Stored items from a collection
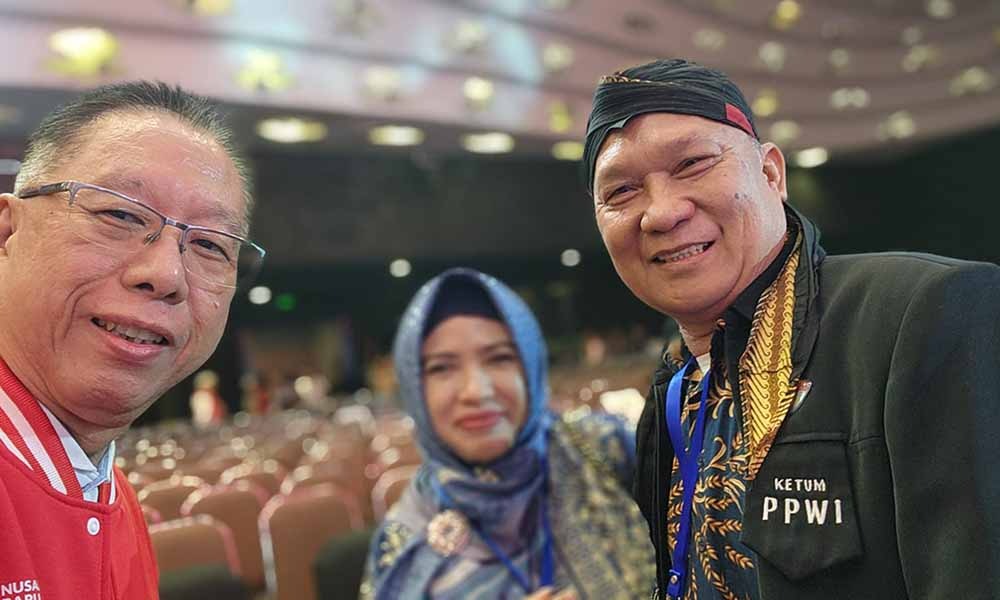 Ketua Umum Persatuan Pewarta Warga Indonesia (Ketum PPWI), Wilson Lalengke, bersama istri yang biasa disapa Mbak Wina, terlihat mengikuti acara itu, duduk di deretan kursi depan yang disediakan bagi para tamu undangan VVIP.
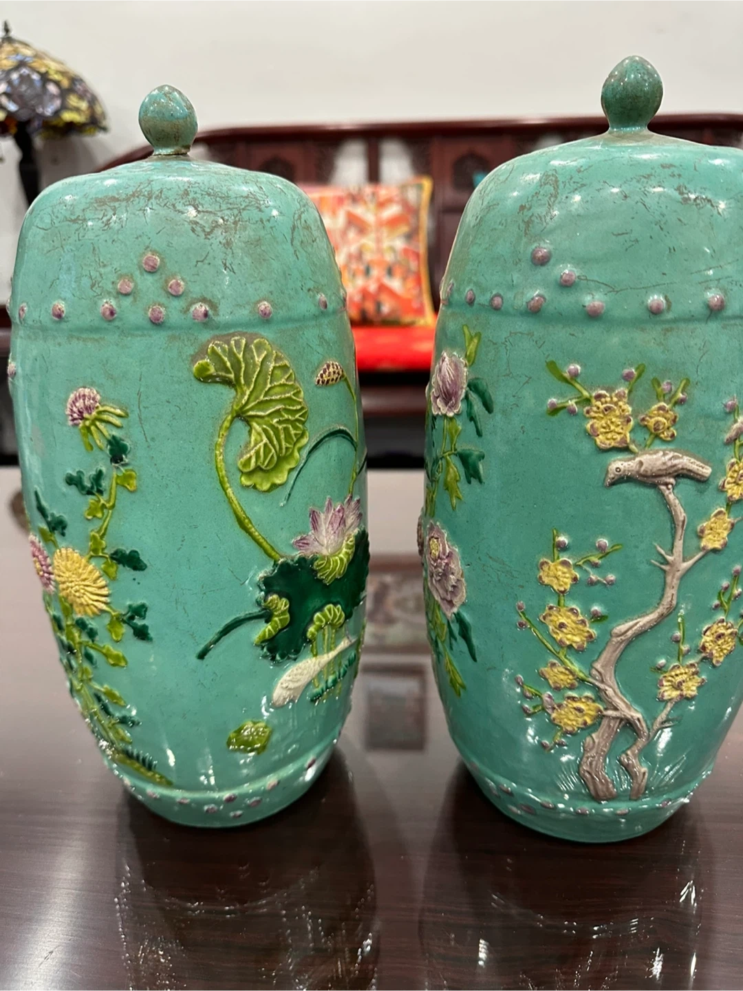 10Selling a pair of vintage turquoise ceramic vases. They feature a beautiful floral design. Perfect for adding a touch of elegance to any room!
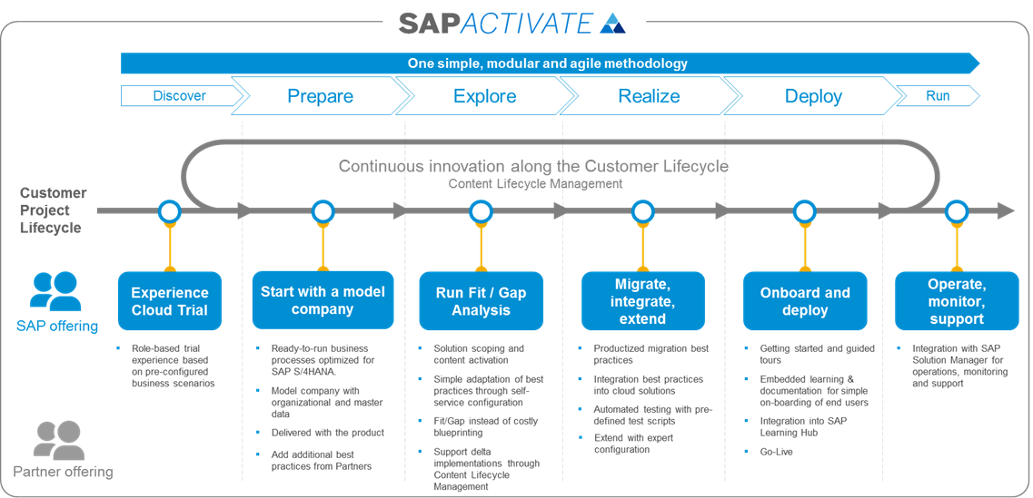 This Discover phase will help you consider and experience SAP S/4HANA before starting a project to implement SAP S/4HANA. In this phase, you develop strategies and road-map you use on the implementation journey. Experience SAP S/4HANA with preconfigured SAP Best practices-based Cloud and On-premise trials
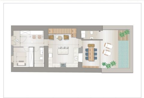La vivienda fue reformada en 2022 con un estilo boho con mucha luz y encanto, y ofrece un total de 3 dormitorios y 2 baños. La cocina totalmente equipada se abre a tu terraza privada con piscina, perfecta para los días cálidos. En la planta superior encontrarás dos de los tres dormitorios con armarios empotrados, junto con un luminoso salón con chimenea.
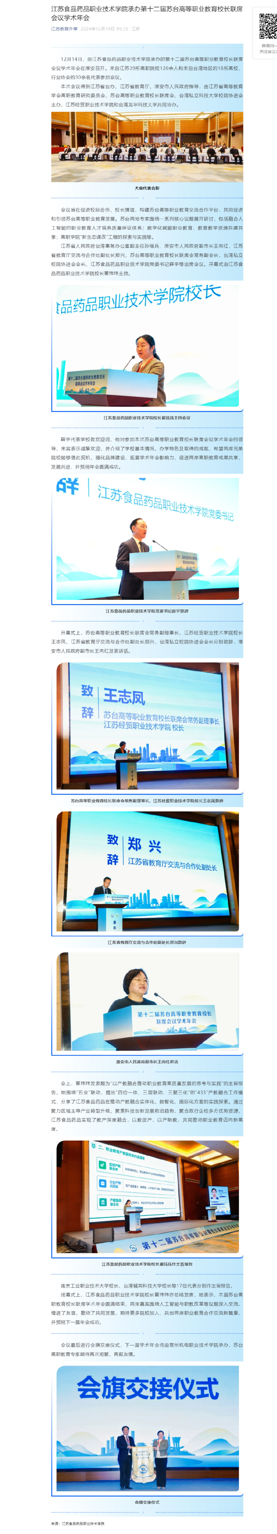 为进一步深化两岸高等职业教育合作,更好构建两岸高等职业教育平台,12月14号,第十二届苏台高等职业教育校长联席会议学术年会在我市举行。

Exercise requirements — Omit the pictures, then give every record back exactly as it stands.

Response —
 Ketua Umum Persatuan Pewarta Warga Indonesia (Ketum PPWI), Wilson Lalengke, bersama istri yang biasa disapa Mbak Wina, terlihat mengikuti acara itu, duduk di deretan kursi depan yang disediakan bagi para tamu undangan VVIP.
 10Selling a pair of vintage turquoise ceramic vases. They feature a beautiful floral design. Perfect for adding a touch of elegance to any room!
 This Discover phase will help you consider and experience SAP S/4HANA before starting a project to implement SAP S/4HANA. In this phase, you develop strategies and road-map you use on the implementation journey. Experience SAP S/4HANA with preconfigured SAP Best practices-based Cloud and On-premise trials
La vivienda fue reformada en 2022 con un estilo boho con mucha luz y encanto, y ofrece un total de 3 dormitorios y 2 baños. La cocina totalmente equipada se abre a tu terraza privada con piscina, perfecta para los días cálidos. En la planta superior encontrarás dos de los tres dormitorios con armarios empotrados, junto con un luminoso salón con chimenea.
 为进一步深化两岸高等职业教育合作,更好构建两岸高等职业教育平台,12月14号,第十二届苏台高等职业教育校长联席会议学术年会在我市举行。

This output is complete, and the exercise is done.